Утром они бежали по тропке вниз, завтракали в кафе, потом бродили по берегу. Взбирались на крутолобые камни, грелись, как ящерицы, на солнце, смотрели на кипение воды внизу - взрывы студеных брызг долетали до них. Было безлюдно, тихо, чисто... Скинув платье, в купальнике, делала она гимнастические упражнения. Он смотрел, как ловко получаются у нее стойки, мостики, как высоко она прыгает, просил: "А ну-ка еще!" Порой, когда море было тихим, они бросались в воду. Холод обжигал, перехватывал дыхание, проплыв немного, они выскакивали на берег и потом долго лежали на солнца. Прокалившись в горячих лучах, уходили под деревья воронцовско-го парка, бродили по дорожкам под тенистыми сводами, наполненными птичьим свистом и щебетом, рассказывали друг другу о детстве, родителях, школе, друзьях, институте...

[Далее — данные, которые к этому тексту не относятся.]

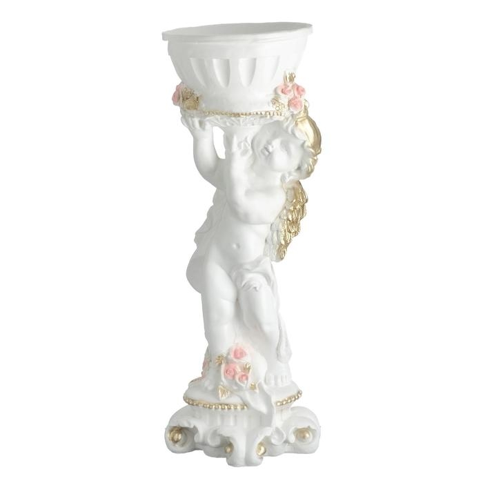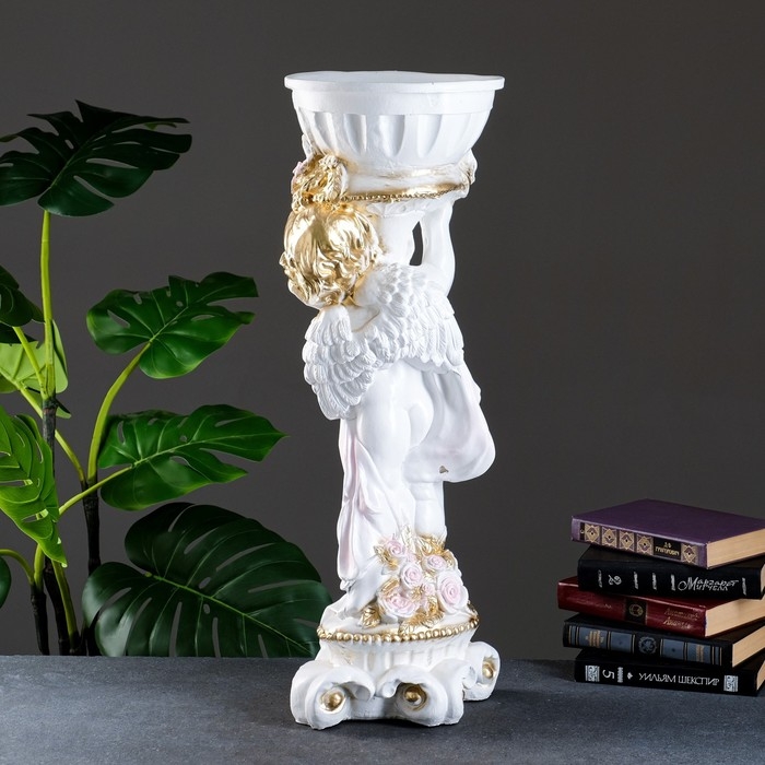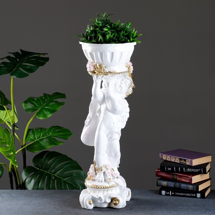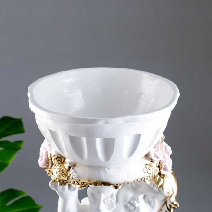 Фигурное кашпо "Ангел с розами", бело-золотой, 1,8 л/ 24х27х70см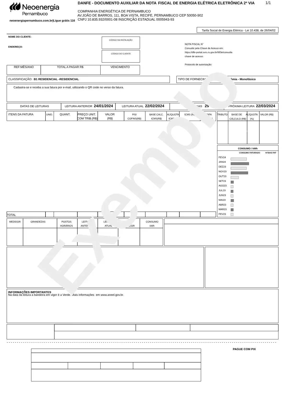 Extrai dados via OCR do PDF de conta de energia elétrica da Neoenergia.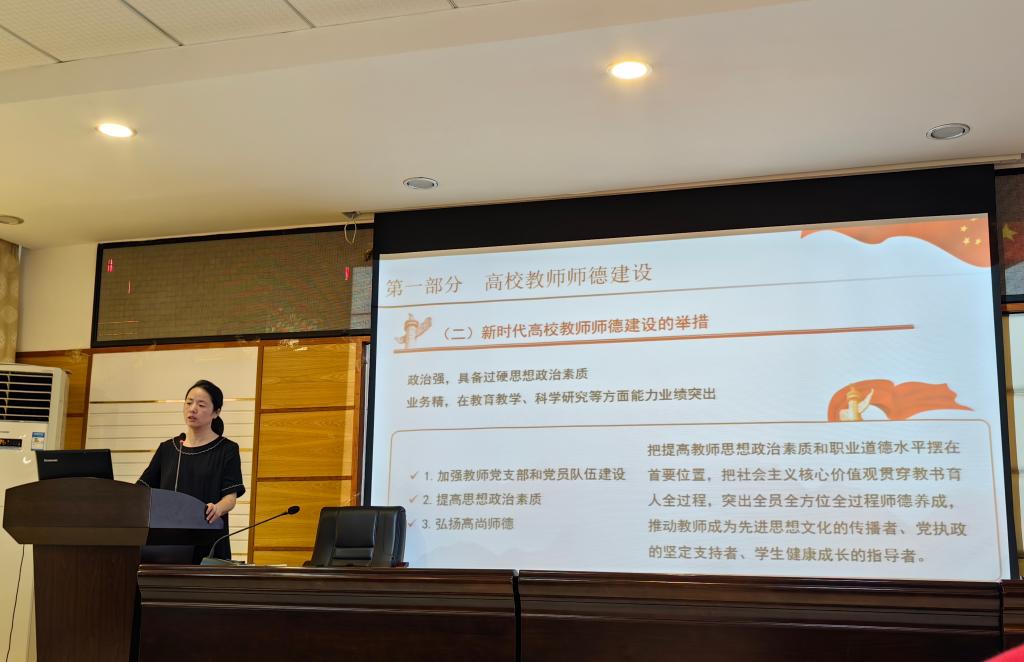 孔伟红以《高校教师师德建设及师德师风专题教育》为题,围绕加强高校教师师德建设的意义、新时代高校教师师德建设的举措、高校教师师德失范行为处理的指导意见、教育部师德师风建设工作推进暨师德集中学习教育启动部署会的要求四个方面,对高校教师师德建设进行了系统阐释和深入解读。从新时代高校教师职业行为十项准则、新时代高校教师职业行为十不准两方面阐释了高校教师师德底线。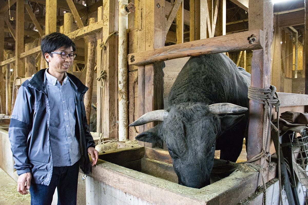 私は小さいころから家に帰ると牛がいて、畜産や闘牛の手伝いをしていました。だから、牛は私の生活の一部で自分が今ここにいるのは、牛のおかげなんです。角突きは「お互いっこ」。お互い様のことで、ひきわけが原則です。自分の牛の良さを出してくれるのは、相手の牛がいるから。勝ち負けだけではなくて、お互いの牛の良さが出て、楽しめるのが引き分けの良さ。角突きの一番良いところです。牛を大事にして、牛同士の仲を悪くしない。50対50で、お互いが生きていければ、100対0にしなくていいのです。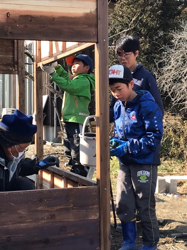 ご家族みんなで、にわとり小屋を組み立てました!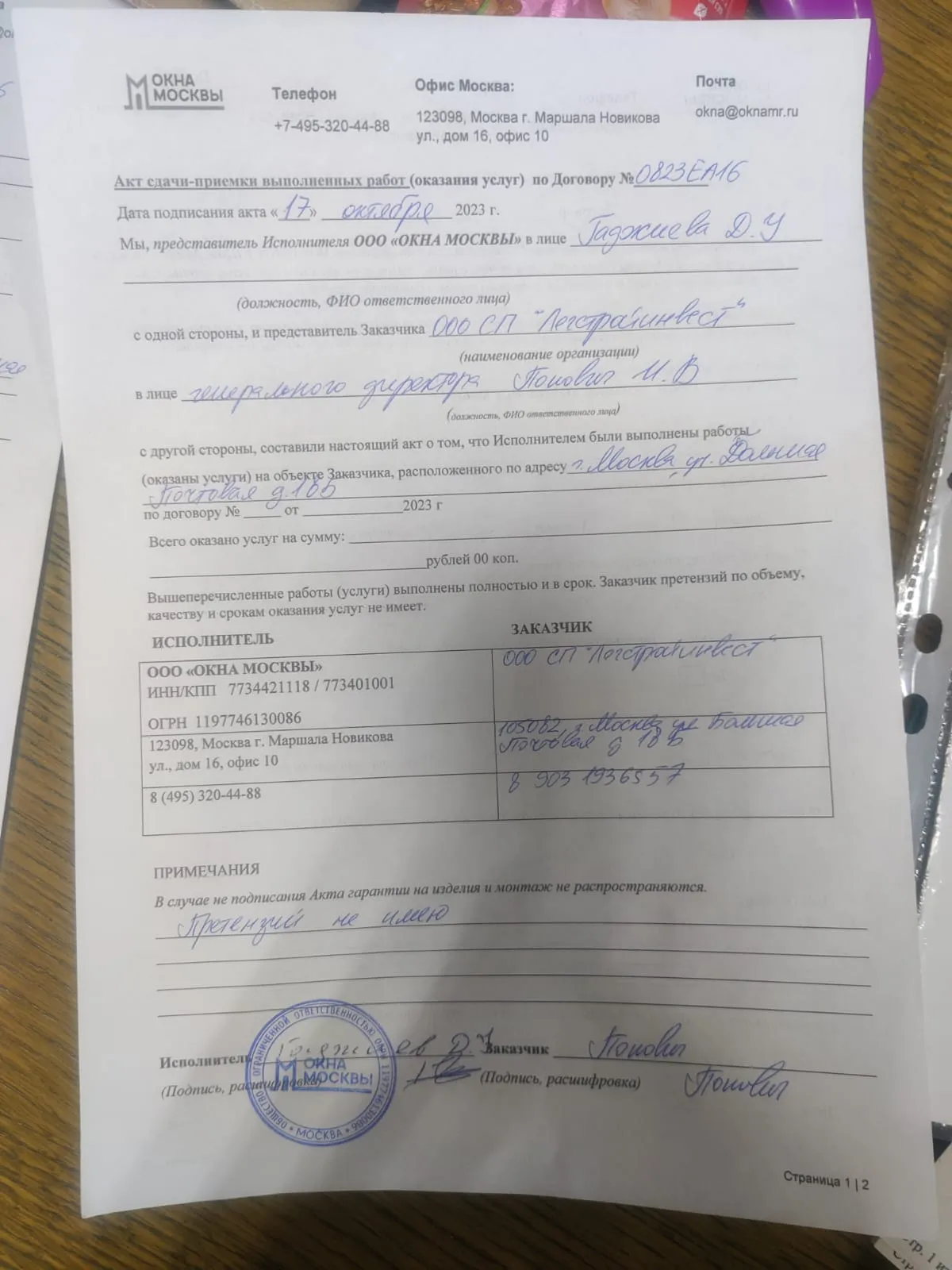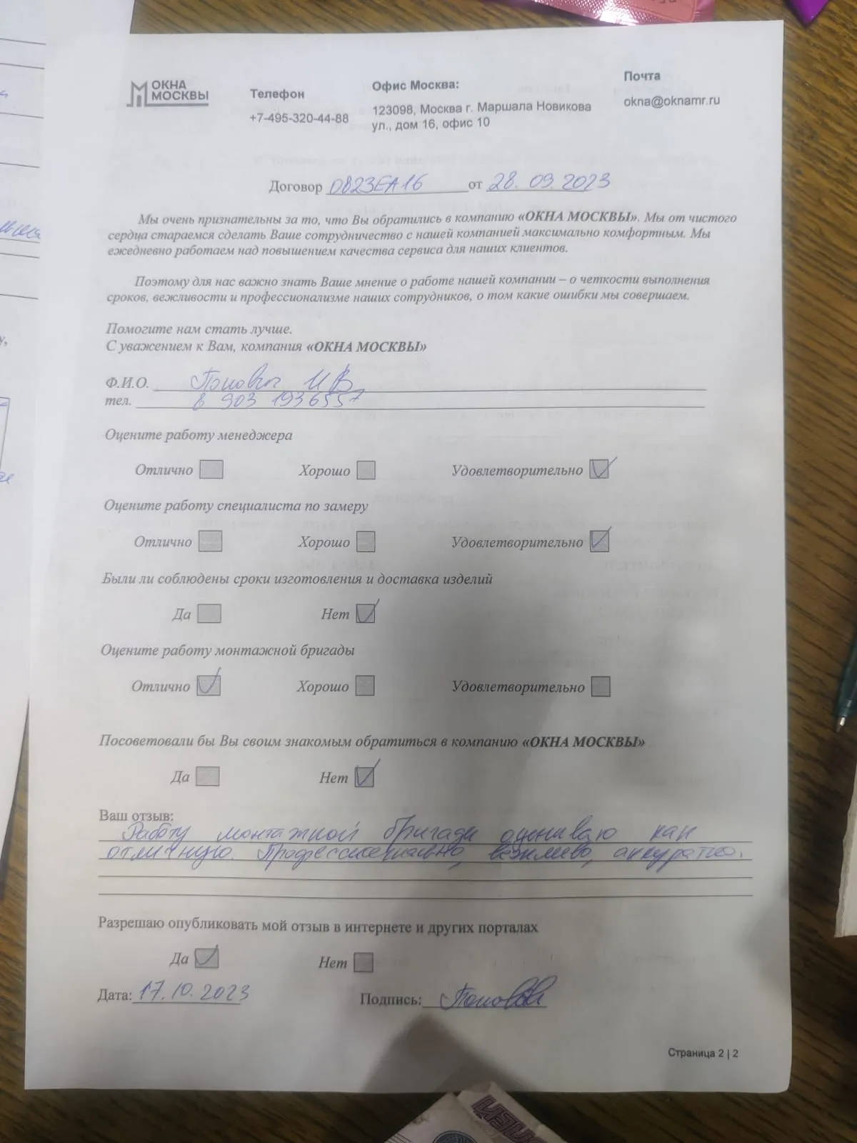 «Работу монтажников оцениваю как отличную.»

Изредка поднимались они в горы. Здесь было совсем пустынно. Тихо стояли сосны, лениво покачивая ветвями, нагретые солнцем стволы источали смолу, пахло хвоей. Отсюда, сверху, море казалось фиолетовым, поднималось отвесно, как стена.
Лежали на склоне, усыпанном теплыми сухими иглами, смотрели на взбитые ветром пышные облака. Вскакивали, осыпая хвою, и принимались ловить друг друга с криком, хохотом, кружа и петляя меж сосновых стволов. Съезжали по скользким от хвои склонам, как с горы-ледянки, перелезали через каменные завалы, сползали по крутизне, хватаясь за кустарник, и, умаявшиеся, разгоряченные, голодные, вываливались из душных зарослей дрока на шоссе. Асфальт приводил их в узкие алупкинские улочки, стесненные белыми стенами домов с черепичными красными крышами, с кустами жасмина и шиповника под окнами.